Summary of the fdo disussion at GCDS

Brian J. Tarricone brian at tarricone.org
Fri Jul 10 12:19:53 PDT 2009


On 2009/07/10 03:29, Daniel Stone wrote:
> On Fri, Jul 10, 2009 at 01:13:59AM +0200, Jannis Pohlmann wrote:
>> Hopefully, the degree of participation in fd.o discussions will
>> increase (I think it already has improved a lot over the past weeks),
>> but I fear that with only two projects having the final word on
>> everything, we might eventually end up in lethargy with a lot of
>> specifications pending approval because nobody cares about making a
>> decision.
>
> So you can offer a complete, ironclad, 100% guarantee that Xfce's
> delegate will always remain completely responsive at all times? What
> about Enlightenment? Everyone else?

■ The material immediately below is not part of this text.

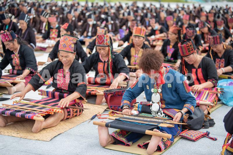 图片说明:2021年10月16日,在海南省东方市文化广场,23岁的黎族小伙黄杨伟已学习7年织锦技艺,他是这次技艺展示的唯一男生。

Surely that would only make the
> problem _worse_, not better.

No, I can't say our delegate will always be 100% responsive all the 
time.  (I doubt you could say that about GNOME's or KDE's either, but 
that's besides the point.)

But dealing with that and making allowances for people's schedules is 
what community is all about.  To borrow a criticism from someone else, 
with this attitude you might as well just call it gnome-kde.org.  And if 
that's what GNOME/KDE want to do -- just make sure those two desktops 
are on similar pages and can interoperate well, without caring about the 
smaller players -- that's fine.  I'd certainly be disappointed, but 
that's certainly their option, and it would be somewhat understandable 
if that's the route they want to take.  But if that's the case, let's 
get that clear up front and stop pretending fd.o is going to serve the 
interests of anyone but GNOME and KDE.

But I think all this is part of what Aaron (at least) wanted to avoid: 
having to rely on bottlenecks to get things done.  And I agree with 
that.  All the specs should have a machine-parseable section about who 
has adopted them and in what capacity, and most of it should be 
automatic.  If someone implements a spec for GNOME, they mark down that 
they have, and who they are.  They don't need to be a "delegate" or 
something silly like that.  See some of Aaron's replies in this thread 
for a better explanation of how that could work.